我有一个包含二进制编码字符串的大列表,我以前在单个函数中处理过这些字符串,如下所示:
""" just included this to demonstrate the 'data' structure """
data=np.zeros(250,dtype='float32, (250000,2)float32')
def func numpy_array(data, peaks):
rt_counter=0
for x in peaks:
if rt_counter %(len(peaks)/20) == 0:
update_progress()
peak_counter=0
data_buff=base64.b64decode(x)
buff_size=len(data_buff)/4
unpack_format=">%dL" % buff_size
index=0
for y in struct.unpack(unpack_format,data_buff):
buff1=struct.pack("I",y)
buff2=struct.unpack("f",buff1)[0]
if (index % 2 == 0):
data[rt_counter][1][peak_counter][0]=float(buff2)
else:
data[rt_counter][1][peak_counter][1]=float(buff2)
peak_counter+=1
index+=1
rt_counter+=1
我一直在阅读多处理,并认为我想尝试一下,看看是否可以大幅提高性能,我将我的函数重写为 2(助手和“调用者”),如下所示:
def numpy_array(data, peaks):
processors=mp.cpu_count #Might as well throw this directly in the mp.Pool (just for clarity for now)
pool = mp.Pool(processes=processors)
chunk_size=len(peaks)/processors
for i in range(processors):
counter = i*chunk_size
chunk=peaks[i*chunk_size:(i+1)*chunk_size-1]
pool.map(decode(data,chunk,counter))
def decode(data,chunk,counter):
for x in chunk:
peak_counter=0
data_buff=base64.b64decode(x)
buff_size=len(data_buff)/4
unpack_format=">%dL" % buff_size
index=0
for y in struct.unpack(unpack_format,data_buff):
buff1=struct.pack("I",y)
buff2=struct.unpack("f",buff1)[0]
if (index % 2 == 0):
data[counter][1][peak_counter][0]=float(buff2)
else:
data[counter][1][peak_counter][1]=float(buff2)
peak_counter+=1
index+=1
print data[counter][1][10][0]
counter+=1
该程序运行但仅使用 100-110% 的 CPU(根据顶部),一旦它应该完成它就会TypeError: map() takes at least 3 arguments (2 given)

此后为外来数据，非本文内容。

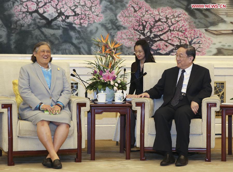 | Yu Zhengsheng (R), chairman of the National Committee of the Chinese People's Political Consultative Conference, meets with visiting Thai Princess Maha Chakri Sirindhorn in Beijing, capital of China, April 3, 2015. (Xinhua/Ding Lin) |

向我抛出,任何对多进程有更多经验的人都可以给我一个关于要注意什么的提示(即可能导致TypeError)?什么可能导致我的 CPU 使用率低?
-- 合并答案后的代码 --
def decode((data,chunk,counter)):
print len(chunk), counter
for x in chunk:
peak_counter=0
data_buff=base64.b64decode(x)
buff_size=len(data_buff)/4
unpack_format=">%dL" % buff_size
index=0
for y in struct.unpack(unpack_format,data_buff):
buff1=struct.pack("I",y)
buff2=struct.unpack("f",buff1)[0]
if (index % 2 == 0):
data[counter][1][peak_counter][0]=float(buff2)
else:
data[counter][1][peak_counter][1]=float(buff2)
peak_counter+=1
index+=1
counter+=1
def numpy_array(data, peaks):
"""Fills the NumPy array 'data' with m/z-intensity values acquired
from b64 decoding and unpacking the binary string read from the
mzXML file, which is stored in the list 'peaks'.
The m/z values are assumed to be ordered without validating this
assumption.
Note: This function uses multi-processing
"""
processors=mp.cpu_count()
pool = mp.Pool(processes=processors)
chunk_size=int(len(peaks)/processors)
map_parameters=[]
for i in range(processors):
counter = i*chunk_size
chunk=peaks[i*chunk_size:(i+1)*chunk_size-1]
map_parameters.append((data,chunk,counter))
pool.map(decode,map_parameters)
到目前为止,这个最新版本“有效”,它在进程中填充数组(数组包含值),但是一旦所有进程完成访问数组,就会产生零值,因为每个进程都获得了数组的本地副本。